---------- Stored data ----------

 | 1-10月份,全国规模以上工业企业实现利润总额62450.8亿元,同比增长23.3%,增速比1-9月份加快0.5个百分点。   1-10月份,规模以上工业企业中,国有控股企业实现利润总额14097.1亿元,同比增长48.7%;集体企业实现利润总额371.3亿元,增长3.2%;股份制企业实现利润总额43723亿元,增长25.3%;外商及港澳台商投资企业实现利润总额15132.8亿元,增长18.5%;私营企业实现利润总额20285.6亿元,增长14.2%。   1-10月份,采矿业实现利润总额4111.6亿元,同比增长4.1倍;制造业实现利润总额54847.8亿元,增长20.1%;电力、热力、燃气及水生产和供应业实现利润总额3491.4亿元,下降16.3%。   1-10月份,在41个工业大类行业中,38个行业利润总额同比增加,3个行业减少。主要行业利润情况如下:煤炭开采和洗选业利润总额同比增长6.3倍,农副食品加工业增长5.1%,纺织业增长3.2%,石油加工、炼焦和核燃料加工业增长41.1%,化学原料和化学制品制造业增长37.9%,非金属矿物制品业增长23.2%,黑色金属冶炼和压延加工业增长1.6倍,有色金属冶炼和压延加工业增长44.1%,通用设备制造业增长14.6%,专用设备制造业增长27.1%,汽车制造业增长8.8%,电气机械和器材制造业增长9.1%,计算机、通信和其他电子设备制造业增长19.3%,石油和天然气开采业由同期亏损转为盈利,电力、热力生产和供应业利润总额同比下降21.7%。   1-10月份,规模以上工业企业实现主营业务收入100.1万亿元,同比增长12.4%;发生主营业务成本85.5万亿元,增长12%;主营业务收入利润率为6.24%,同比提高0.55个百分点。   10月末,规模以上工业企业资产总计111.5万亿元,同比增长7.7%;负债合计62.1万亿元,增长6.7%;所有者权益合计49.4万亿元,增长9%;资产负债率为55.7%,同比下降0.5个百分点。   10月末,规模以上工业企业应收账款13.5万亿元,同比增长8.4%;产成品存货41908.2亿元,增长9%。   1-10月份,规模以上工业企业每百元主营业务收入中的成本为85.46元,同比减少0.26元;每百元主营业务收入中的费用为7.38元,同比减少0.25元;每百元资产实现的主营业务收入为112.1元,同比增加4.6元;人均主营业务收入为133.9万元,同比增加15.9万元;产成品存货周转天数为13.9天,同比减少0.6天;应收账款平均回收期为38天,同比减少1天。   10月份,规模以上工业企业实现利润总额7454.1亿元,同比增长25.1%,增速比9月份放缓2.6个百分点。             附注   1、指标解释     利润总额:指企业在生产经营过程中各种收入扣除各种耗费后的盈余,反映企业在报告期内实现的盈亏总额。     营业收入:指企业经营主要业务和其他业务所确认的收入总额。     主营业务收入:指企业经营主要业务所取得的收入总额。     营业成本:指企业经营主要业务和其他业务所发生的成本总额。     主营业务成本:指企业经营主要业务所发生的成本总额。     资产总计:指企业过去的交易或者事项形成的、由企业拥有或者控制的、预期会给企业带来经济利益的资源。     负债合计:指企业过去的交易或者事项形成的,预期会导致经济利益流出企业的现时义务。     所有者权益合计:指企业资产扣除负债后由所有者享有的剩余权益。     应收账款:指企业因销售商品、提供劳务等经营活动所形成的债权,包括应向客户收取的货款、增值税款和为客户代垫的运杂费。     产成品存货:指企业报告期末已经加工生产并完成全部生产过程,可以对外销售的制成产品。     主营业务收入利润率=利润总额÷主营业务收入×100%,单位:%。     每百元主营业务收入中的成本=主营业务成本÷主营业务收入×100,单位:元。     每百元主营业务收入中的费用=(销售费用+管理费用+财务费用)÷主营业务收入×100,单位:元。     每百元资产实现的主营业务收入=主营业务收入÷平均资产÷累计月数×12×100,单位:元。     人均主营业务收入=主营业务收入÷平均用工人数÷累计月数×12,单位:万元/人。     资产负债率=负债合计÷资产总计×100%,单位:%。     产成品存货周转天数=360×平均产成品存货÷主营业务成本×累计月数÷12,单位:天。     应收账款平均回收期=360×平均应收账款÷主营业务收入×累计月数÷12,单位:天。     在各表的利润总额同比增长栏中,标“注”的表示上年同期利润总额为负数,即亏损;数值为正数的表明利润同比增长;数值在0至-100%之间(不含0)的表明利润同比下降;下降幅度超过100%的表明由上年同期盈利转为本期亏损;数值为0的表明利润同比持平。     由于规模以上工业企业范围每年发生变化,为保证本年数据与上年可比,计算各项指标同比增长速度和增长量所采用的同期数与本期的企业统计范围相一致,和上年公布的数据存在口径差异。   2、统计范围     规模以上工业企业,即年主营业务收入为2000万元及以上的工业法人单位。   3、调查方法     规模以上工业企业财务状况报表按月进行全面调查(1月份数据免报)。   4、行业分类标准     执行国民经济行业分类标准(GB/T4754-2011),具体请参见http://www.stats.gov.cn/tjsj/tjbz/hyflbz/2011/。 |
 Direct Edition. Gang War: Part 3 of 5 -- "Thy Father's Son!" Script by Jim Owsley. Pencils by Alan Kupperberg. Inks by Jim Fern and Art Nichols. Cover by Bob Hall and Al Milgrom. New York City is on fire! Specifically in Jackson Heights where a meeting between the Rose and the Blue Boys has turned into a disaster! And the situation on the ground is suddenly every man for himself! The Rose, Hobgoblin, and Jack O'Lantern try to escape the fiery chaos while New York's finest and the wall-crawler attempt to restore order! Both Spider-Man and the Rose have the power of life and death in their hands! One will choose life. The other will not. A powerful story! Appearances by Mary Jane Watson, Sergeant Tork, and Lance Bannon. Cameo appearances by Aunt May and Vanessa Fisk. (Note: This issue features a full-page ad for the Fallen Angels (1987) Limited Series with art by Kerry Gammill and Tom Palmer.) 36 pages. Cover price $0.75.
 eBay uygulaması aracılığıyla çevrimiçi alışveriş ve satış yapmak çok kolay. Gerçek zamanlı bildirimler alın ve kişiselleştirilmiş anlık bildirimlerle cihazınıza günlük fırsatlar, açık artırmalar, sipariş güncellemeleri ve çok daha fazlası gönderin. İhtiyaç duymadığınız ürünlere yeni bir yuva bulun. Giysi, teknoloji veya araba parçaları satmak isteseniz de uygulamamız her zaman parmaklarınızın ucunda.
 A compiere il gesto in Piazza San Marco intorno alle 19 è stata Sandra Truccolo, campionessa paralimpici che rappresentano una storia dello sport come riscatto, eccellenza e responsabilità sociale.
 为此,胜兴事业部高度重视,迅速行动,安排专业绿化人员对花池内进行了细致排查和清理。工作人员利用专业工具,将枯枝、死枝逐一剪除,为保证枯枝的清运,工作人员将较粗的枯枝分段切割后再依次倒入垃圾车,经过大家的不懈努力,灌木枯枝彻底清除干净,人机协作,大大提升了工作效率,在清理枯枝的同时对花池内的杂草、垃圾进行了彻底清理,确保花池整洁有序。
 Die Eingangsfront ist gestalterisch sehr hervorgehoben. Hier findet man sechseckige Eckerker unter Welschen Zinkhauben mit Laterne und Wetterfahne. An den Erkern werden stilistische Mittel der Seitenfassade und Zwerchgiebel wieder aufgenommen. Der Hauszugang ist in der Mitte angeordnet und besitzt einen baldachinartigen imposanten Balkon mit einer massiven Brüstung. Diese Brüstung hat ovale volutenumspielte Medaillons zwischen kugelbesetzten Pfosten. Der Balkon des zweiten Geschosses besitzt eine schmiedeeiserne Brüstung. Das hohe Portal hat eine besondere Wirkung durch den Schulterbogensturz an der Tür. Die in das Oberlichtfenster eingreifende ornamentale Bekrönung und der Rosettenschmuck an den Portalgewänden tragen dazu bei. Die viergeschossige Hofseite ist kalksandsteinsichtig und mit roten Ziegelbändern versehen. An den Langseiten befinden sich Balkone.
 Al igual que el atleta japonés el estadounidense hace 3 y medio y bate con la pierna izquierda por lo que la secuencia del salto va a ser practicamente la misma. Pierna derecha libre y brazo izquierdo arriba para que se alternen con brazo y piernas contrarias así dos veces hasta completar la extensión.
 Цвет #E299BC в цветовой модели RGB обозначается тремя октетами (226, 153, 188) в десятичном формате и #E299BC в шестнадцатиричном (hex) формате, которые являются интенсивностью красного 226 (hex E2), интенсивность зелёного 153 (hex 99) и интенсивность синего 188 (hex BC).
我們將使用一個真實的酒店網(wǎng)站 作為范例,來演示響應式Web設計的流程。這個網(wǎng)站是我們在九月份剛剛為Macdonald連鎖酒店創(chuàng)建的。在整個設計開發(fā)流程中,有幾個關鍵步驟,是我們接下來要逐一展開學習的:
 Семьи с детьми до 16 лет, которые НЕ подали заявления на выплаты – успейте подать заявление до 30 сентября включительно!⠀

----------

**Exercise objective**.
Using the entries above, extract exactly the span from the line with "A compiere il" to the line with "Al igual que", both lines included; leave out everything else.

**Expected answer**.
 A compiere il gesto in Piazza San Marco intorno alle 19 è stata Sandra Truccolo, campionessa paralimpici che rappresentano una storia dello sport come riscatto, eccellenza e responsabilità sociale.
 为此,胜兴事业部高度重视,迅速行动,安排专业绿化人员对花池内进行了细致排查和清理。工作人员利用专业工具,将枯枝、死枝逐一剪除,为保证枯枝的清运,工作人员将较粗的枯枝分段切割后再依次倒入垃圾车,经过大家的不懈努力,灌木枯枝彻底清除干净,人机协作,大大提升了工作效率,在清理枯枝的同时对花池内的杂草、垃圾进行了彻底清理,确保花池整洁有序。
 Die Eingangsfront ist gestalterisch sehr hervorgehoben. Hier findet man sechseckige Eckerker unter Welschen Zinkhauben mit Laterne und Wetterfahne. An den Erkern werden stilistische Mittel der Seitenfassade und Zwerchgiebel wieder aufgenommen. Der Hauszugang ist in der Mitte angeordnet und besitzt einen baldachinartigen imposanten Balkon mit einer massiven Brüstung. Diese Brüstung hat ovale volutenumspielte Medaillons zwischen kugelbesetzten Pfosten. Der Balkon des zweiten Geschosses besitzt eine schmiedeeiserne Brüstung. Das hohe Portal hat eine besondere Wirkung durch den Schulterbogensturz an der Tür. Die in das Oberlichtfenster eingreifende ornamentale Bekrönung und der Rosettenschmuck an den Portalgewänden tragen dazu bei. Die viergeschossige Hofseite ist kalksandsteinsichtig und mit roten Ziegelbändern versehen. An den Langseiten befinden sich Balkone.
 Al igual que el atleta japonés el estadounidense hace 3 y medio y bate con la pierna izquierda por lo que la secuencia del salto va a ser practicamente la misma. Pierna derecha libre y brazo izquierdo arriba para que se alternen con brazo y piernas contrarias así dos veces hasta completar la extensión.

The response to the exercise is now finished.